## Exercise aim
Return all the data below as it stands, minus the pictures.

Stored dataset items:

▽

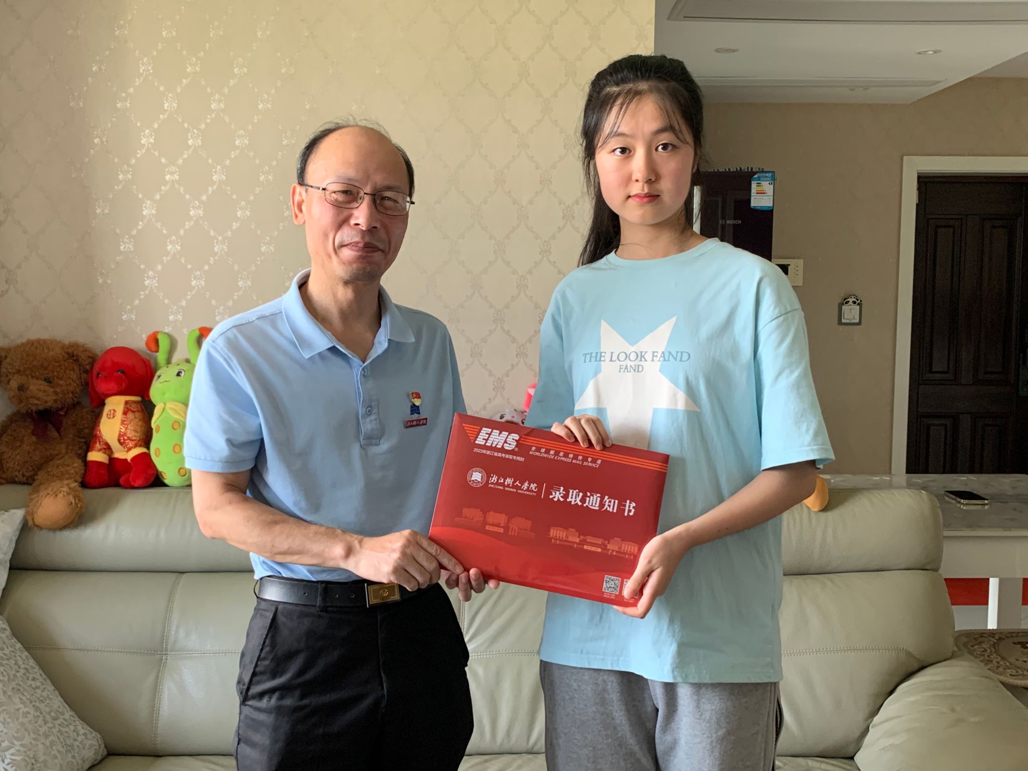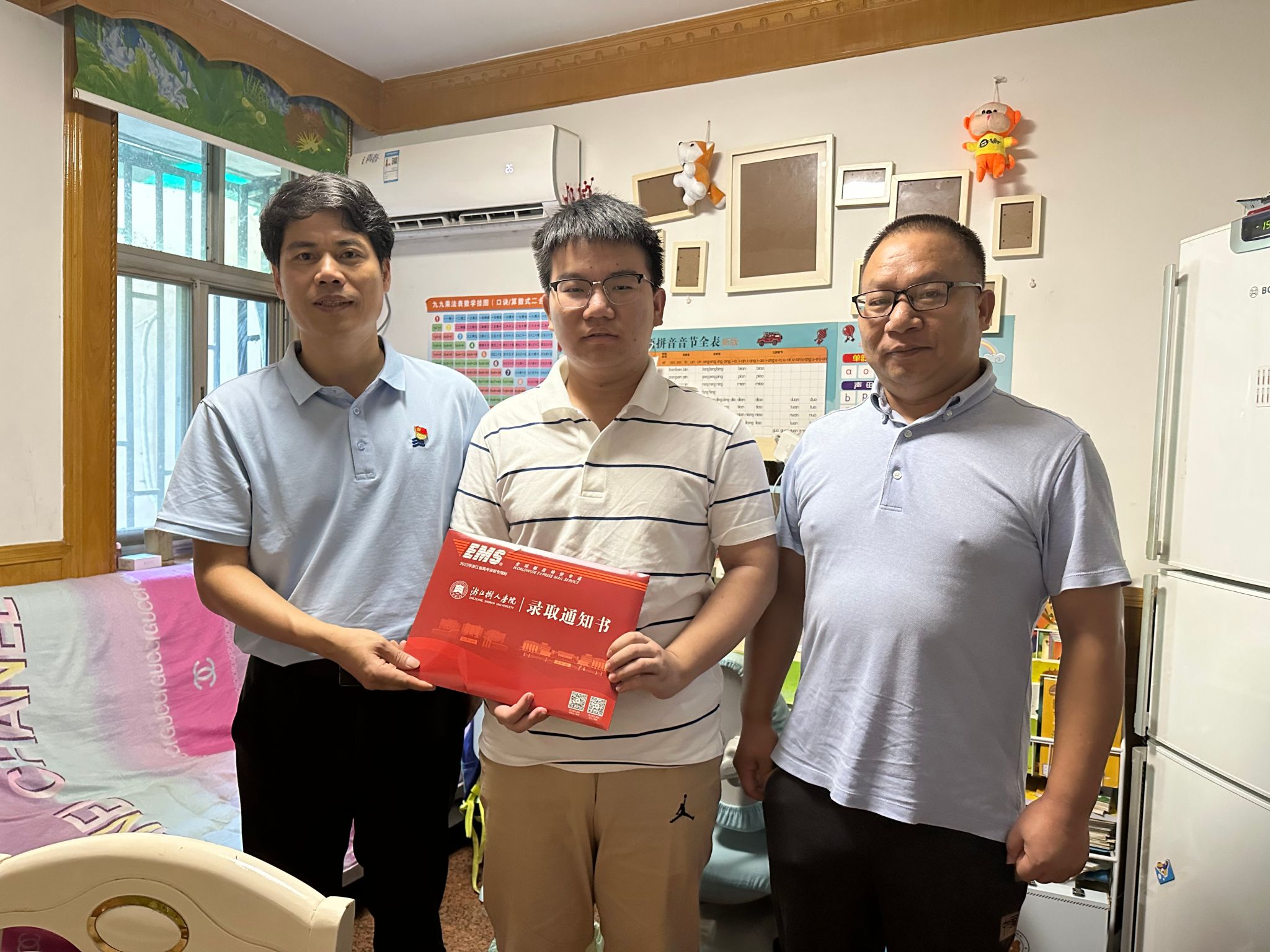 21日一大早,杭州校区共享空间内便开始人影攒动,公司浙江省内第一批录取的新生通知书开始进行封装邮寄。永利65335com师生经过高效密切配合,率先完成了274份通知书的封装任务,随后便开始进行一项特殊仪式——为新生代表上门送达录取通知书。
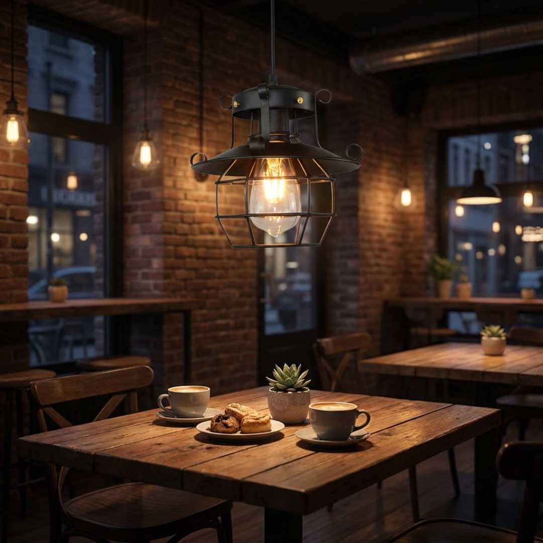 - Cage-style structure: Enclosed frame surrounds the bulb and defines the overall form.
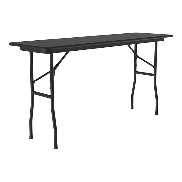 The Correll folding table is durable for heavy-duty home, office, school, church, food service, and commercial use. Its thermal-fused laminate top is water-, stain-, and dent-resistant. The table folds for portability and storage space.
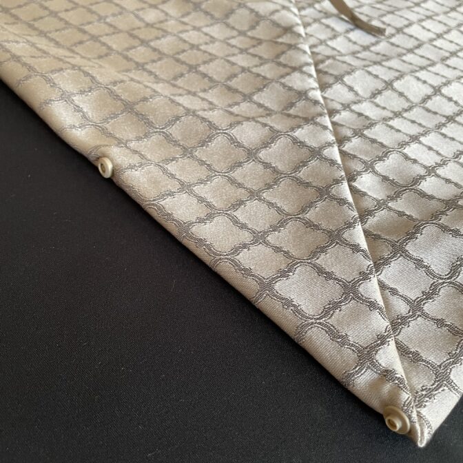 光沢のある生地ですので、お手持ちのモニターや見方や人によっては違うお色に見える事もあります。神経質な方はご遠慮くださいませ。
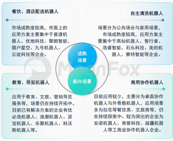 商用機(jī)器人應(yīng)用場(chǎng)景繁多,需求分散。目前成熟的應(yīng)用場(chǎng)景主要為商業(yè)配送、清洗場(chǎng)景,所需的功能集中于準(zhǔn)確導(dǎo)航、路線規(guī)劃、人機(jī)交互等。正在發(fā)展的場(chǎng)景如教育應(yīng)用、商業(yè)協(xié)作等場(chǎng)景注重于更有啟發(fā)性的交互引導(dǎo)和更準(zhǔn)確的機(jī)械操作。商業(yè)服務(wù)L域憑借其廣泛的受眾、活躍的市場(chǎng)以及對(duì)創(chuàng)新的G度接納性,能使
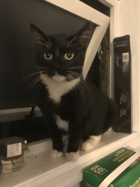 Sort med hvit bryst og hvit poter. Ukastert. Snakker mye.
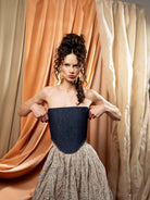 Double sided corsets are definitely representative for our brand identity A statement item that can be reused and repurposed endlesly. By having two sides yo can style it in different ways. One is created from blue denim and the other one from white peony printed cotton
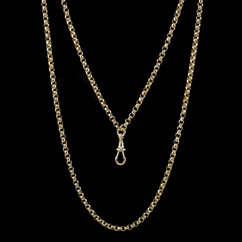 A grand antique Victorian guard chain from the late 19th Century consisting of faceted 9ct gold cable links leading to a claw clasp at the end which would have traditionally been adorned with a pocket watch or lorgnette.
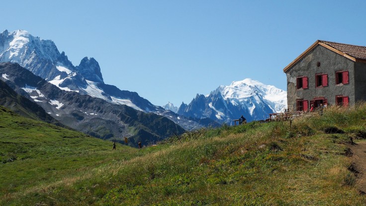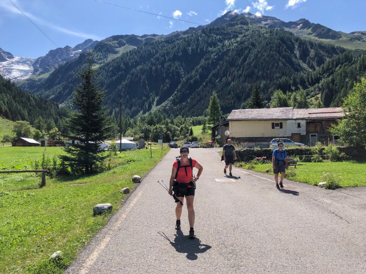 When we reached the refuge at the col, we stopped for a quick coffee and the guardian kindly arranged for a taxi to meet Mark In 2 hours at the auberge we’re staying at in Trient. Given the circumstances, the descent seemed long. That said, the views were beautiful. Finally, we reached the auberge and, half an hour later, the taxi arrived on time at 2 o’clock.
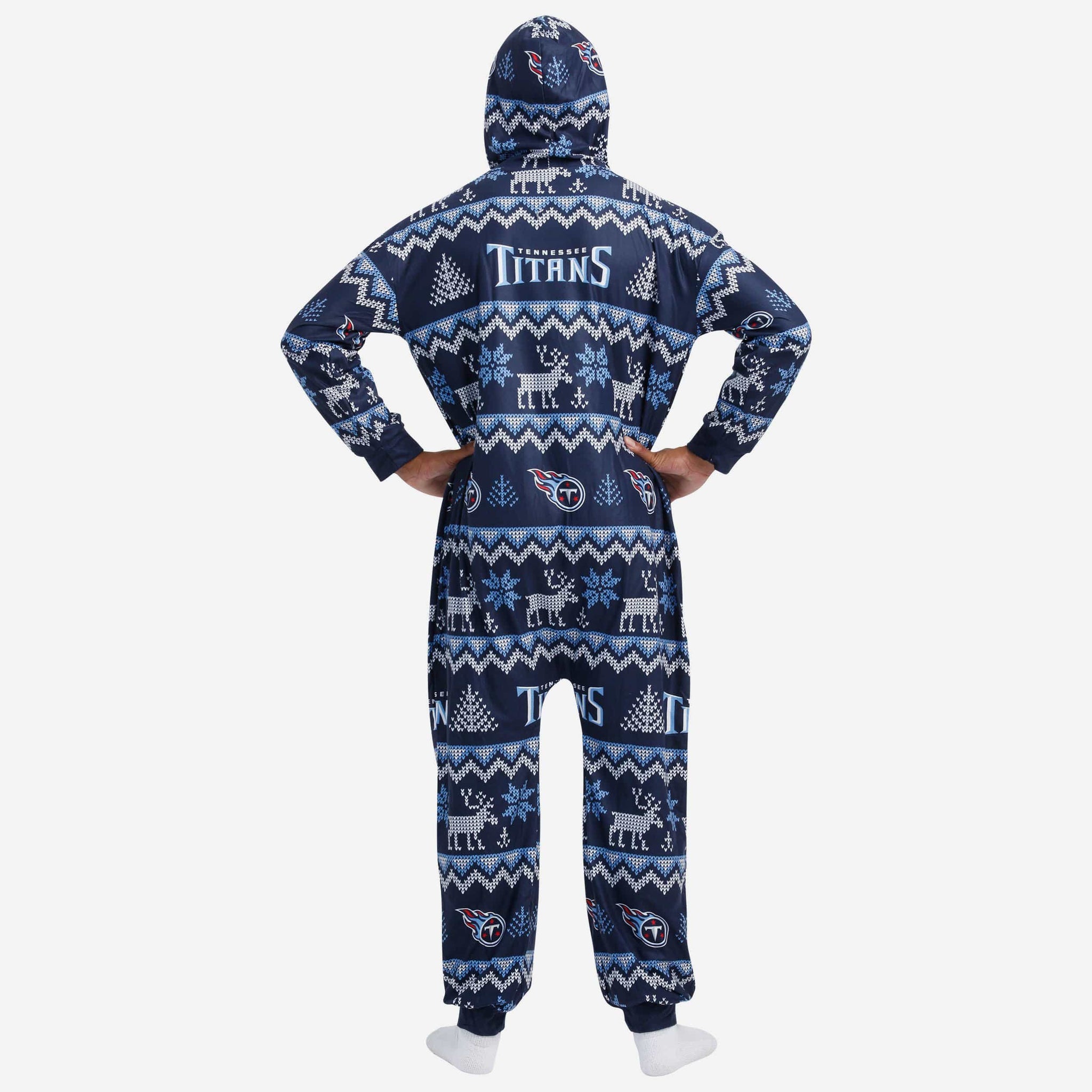 Get some matching family pajamas and dress to impress this holiday season! You won't want to miss these onesie team pajamas! These men's and women's PJ's are comfortable and show off your team spirit in the form of some sweet one piece jammies. Introducing the Tennessee Titans Ugly Pattern One Piece Pajamas! Don't forget to take your holiday photo with the whole family wearing matching Christmas pajamas!
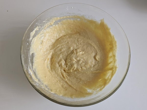 Backpulver und Mehl (nach und nach) zu der Mischung geben und mit einem Spatel verrühren, bis der Teig glatt und klumpenfrei ist.
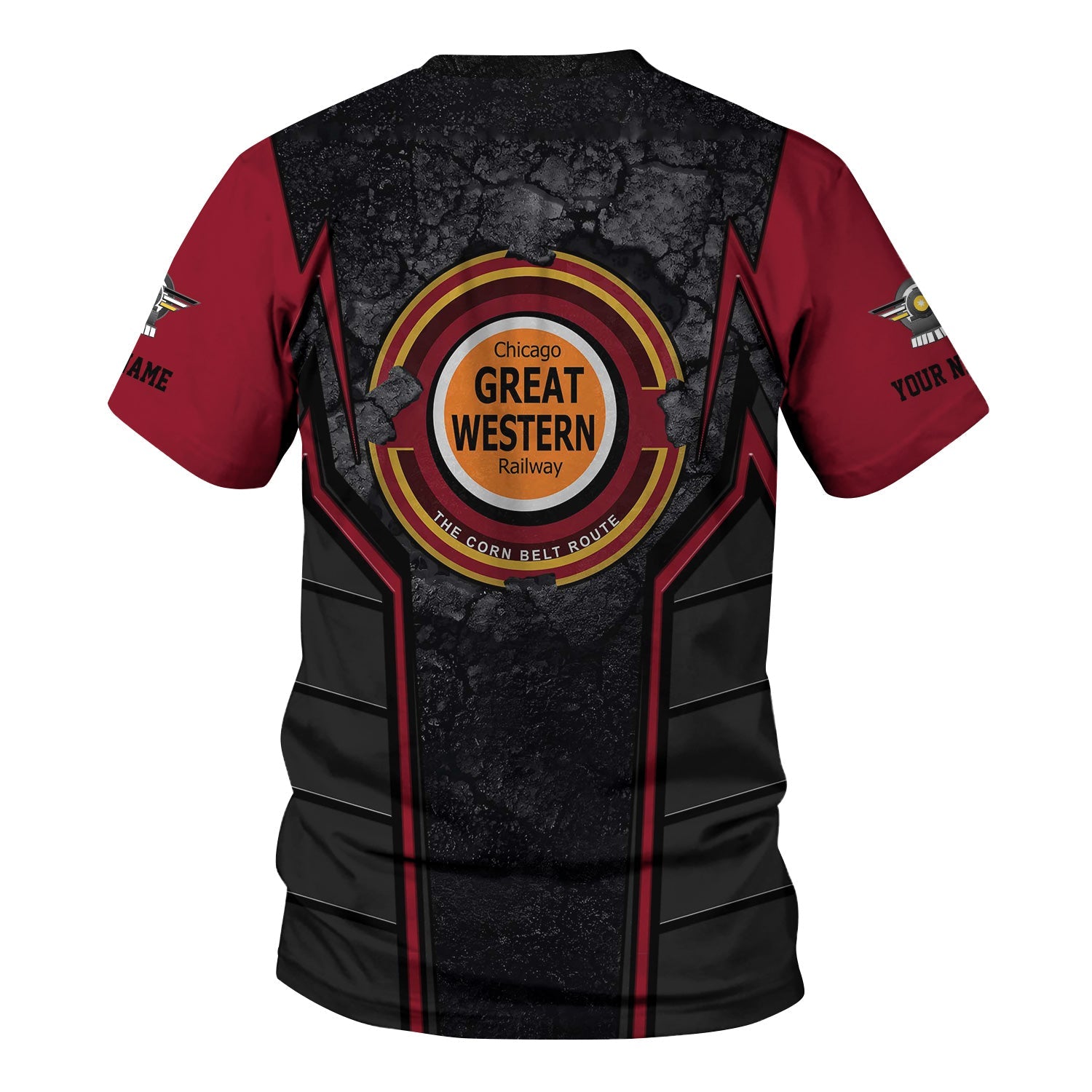 Railspirit Personalized Chicago Great Western Railroad T-Shirt Cracked Metal Design Train Shirt for Rail Enthusiasts
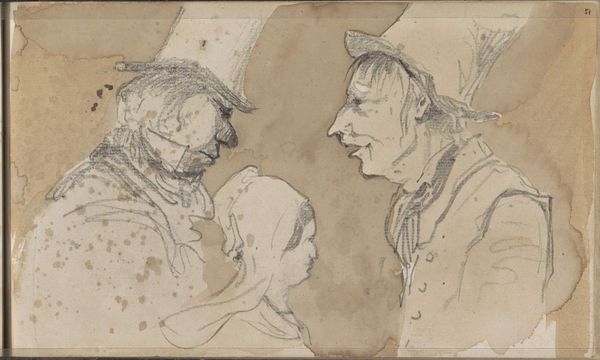 Editor: This is "Illustration to V. Hofmannsthal, \"Andreas\"" by Imre Reiner, possibly from 1944, a drawing done in ink, perhaps later printed. It's really intriguing how just a few lines can evoke so much... a definite air of mystery. What catches your eye when you look at this piece? Curator: Ah, yes, Reiner! What I find particularly evocative is the suggestion of character conveyed with such economical strokes. It reminds me a bit of theatre make-up, especially in how the shading almost sculpts the faces, imbuing them with... well, a *sense* of narrative, if not a completely defined one. Does that resonate with you at all? It almost feels as if we are peering into Reiner's sketchbook. Editor: I definitely see what you mean about the theatrical quality. It’s as if these characters are caught mid-performance. The heavy shadows on the right, especially. I can almost feel the spotlight, but also an incomplete, fragmented sensation that is both suggestive and vague. What do you think that juxtaposition accomplishes? Curator: Excellent question! It suggests, doesn't it, the blurry edges of memory or perhaps even identity. Think of Hofmannsthal’s work itself: often exploring themes of self-discovery and fragmented realities. Perhaps Reiner is mirroring that, inviting us to participate in piecing together the narrative. Maybe that intentional lack of resolution *is* the resolution. It makes you wonder, doesn’t it, what stories are unfolding just beyond the visible. It almost asks *us* to become authors ourselves. Editor: That's a lovely way to put it. I initially felt a bit lost in the sketchiness, but now I see the invitation, this intentional ambiguity. It makes the illustration much more engaging. Curator: Precisely! It's about embracing that open-endedness. The ink blossoms, hinting at untold stories, unfinished symphonies! Now I’m thinking about the book...
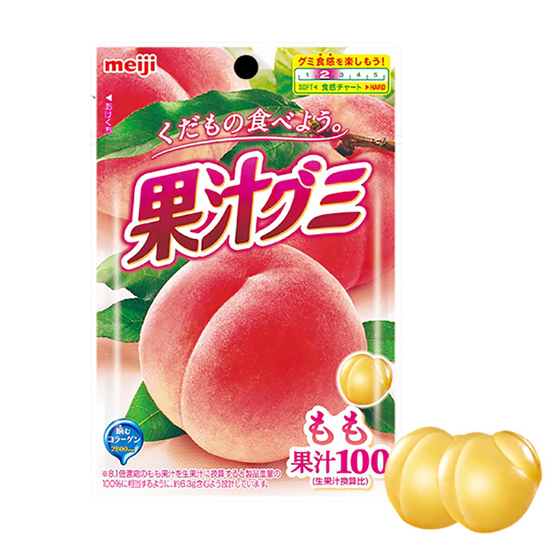 Meiji white peach fruit juice soft candy 51g
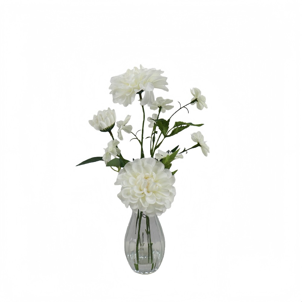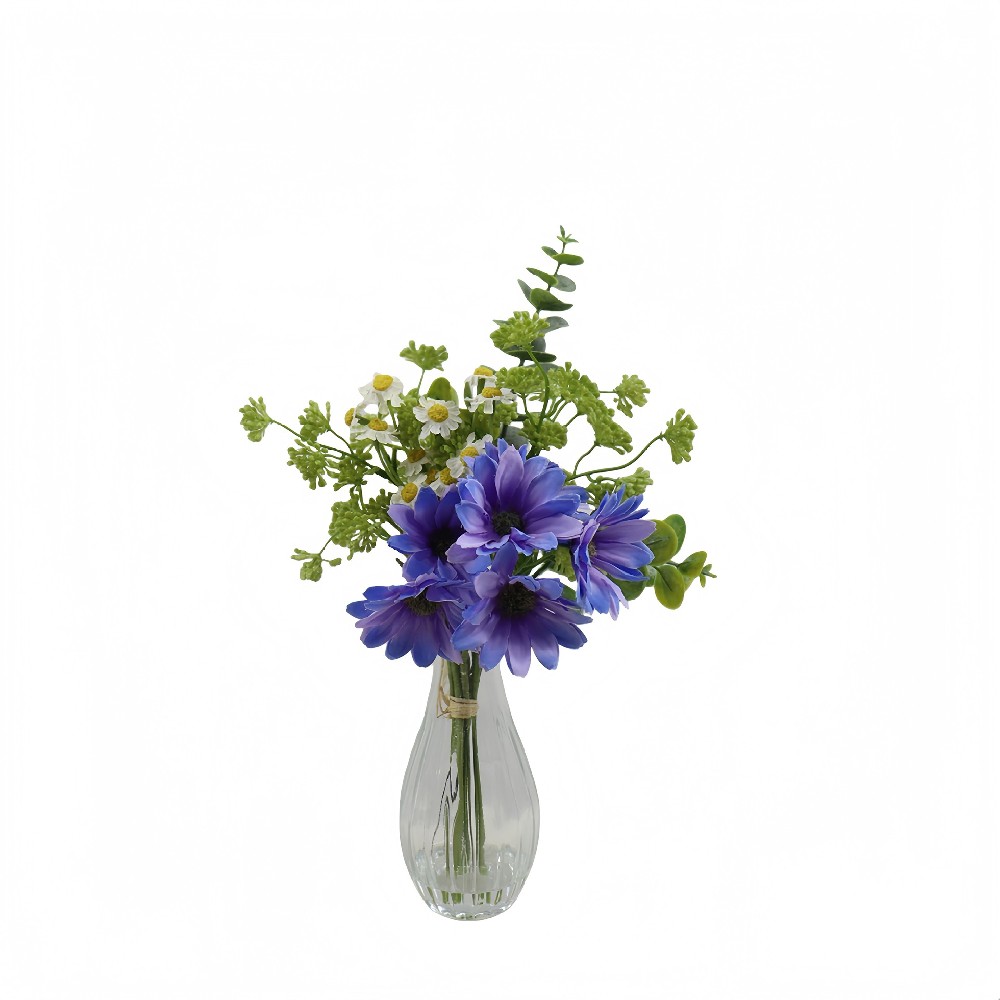 ARTIFICIAL DAISY W/FAUX WATER IN GLASS VASE (p250024hb-24)

△

## Your solution
 21日一大早,杭州校区共享空间内便开始人影攒动,公司浙江省内第一批录取的新生通知书开始进行封装邮寄。永利65335com师生经过高效密切配合,率先完成了274份通知书的封装任务,随后便开始进行一项特殊仪式——为新生代表上门送达录取通知书。
 - Cage-style structure: Enclosed frame surrounds the bulb and defines the overall form.
 The Correll folding table is durable for heavy-duty home, office, school, church, food service, and commercial use. Its thermal-fused laminate top is water-, stain-, and dent-resistant. The table folds for portability and storage space.
 光沢のある生地ですので、お手持ちのモニターや見方や人によっては違うお色に見える事もあります。神経質な方はご遠慮くださいませ。
 商用機(jī)器人應(yīng)用場(chǎng)景繁多,需求分散。目前成熟的應(yīng)用場(chǎng)景主要為商業(yè)配送、清洗場(chǎng)景,所需的功能集中于準(zhǔn)確導(dǎo)航、路線規(guī)劃、人機(jī)交互等。正在發(fā)展的場(chǎng)景如教育應(yīng)用、商業(yè)協(xié)作等場(chǎng)景注重于更有啟發(fā)性的交互引導(dǎo)和更準(zhǔn)確的機(jī)械操作。商業(yè)服務(wù)L域憑借其廣泛的受眾、活躍的市場(chǎng)以及對(duì)創(chuàng)新的G度接納性,能使
 Sort med hvit bryst og hvit poter. Ukastert. Snakker mye.
 Double sided corsets are definitely representative for our brand identity A statement item that can be reused and repurposed endlesly. By having two sides yo can style it in different ways. One is created from blue denim and the other one from white peony printed cotton
 A grand antique Victorian guard chain from the late 19th Century consisting of faceted 9ct gold cable links leading to a claw clasp at the end which would have traditionally been adorned with a pocket watch or lorgnette.
 When we reached the refuge at the col, we stopped for a quick coffee and the guardian kindly arranged for a taxi to meet Mark In 2 hours at the auberge we’re staying at in Trient. Given the circumstances, the descent seemed long. That said, the views were beautiful. Finally, we reached the auberge and, half an hour later, the taxi arrived on time at 2 o’clock.
 Get some matching family pajamas and dress to impress this holiday season! You won't want to miss these onesie team pajamas! These men's and women's PJ's are comfortable and show off your team spirit in the form of some sweet one piece jammies. Introducing the Tennessee Titans Ugly Pattern One Piece Pajamas! Don't forget to take your holiday photo with the whole family wearing matching Christmas pajamas!
 Backpulver und Mehl (nach und nach) zu der Mischung geben und mit einem Spatel verrühren, bis der Teig glatt und klumpenfrei ist.
 Railspirit Personalized Chicago Great Western Railroad T-Shirt Cracked Metal Design Train Shirt for Rail Enthusiasts
 Editor: This is "Illustration to V. Hofmannsthal, \"Andreas\"" by Imre Reiner, possibly from 1944, a drawing done in ink, perhaps later printed. It's really intriguing how just a few lines can evoke so much... a definite air of mystery. What catches your eye when you look at this piece? Curator: Ah, yes, Reiner! What I find particularly evocative is the suggestion of character conveyed with such economical strokes. It reminds me a bit of theatre make-up, especially in how the shading almost sculpts the faces, imbuing them with... well, a *sense* of narrative, if not a completely defined one. Does that resonate with you at all? It almost feels as if we are peering into Reiner's sketchbook. Editor: I definitely see what you mean about the theatrical quality. It’s as if these characters are caught mid-performance. The heavy shadows on the right, especially. I can almost feel the spotlight, but also an incomplete, fragmented sensation that is both suggestive and vague. What do you think that juxtaposition accomplishes? Curator: Excellent question! It suggests, doesn't it, the blurry edges of memory or perhaps even identity. Think of Hofmannsthal’s work itself: often exploring themes of self-discovery and fragmented realities. Perhaps Reiner is mirroring that, inviting us to participate in piecing together the narrative. Maybe that intentional lack of resolution *is* the resolution. It makes you wonder, doesn’t it, what stories are unfolding just beyond the visible. It almost asks *us* to become authors ourselves. Editor: That's a lovely way to put it. I initially felt a bit lost in the sketchiness, but now I see the invitation, this intentional ambiguity. It makes the illustration much more engaging. Curator: Precisely! It's about embracing that open-endedness. The ink blossoms, hinting at untold stories, unfinished symphonies! Now I’m thinking about the book...
 Meiji white peach fruit juice soft candy 51g
 ARTIFICIAL DAISY W/FAUX WATER IN GLASS VASE (p250024hb-24)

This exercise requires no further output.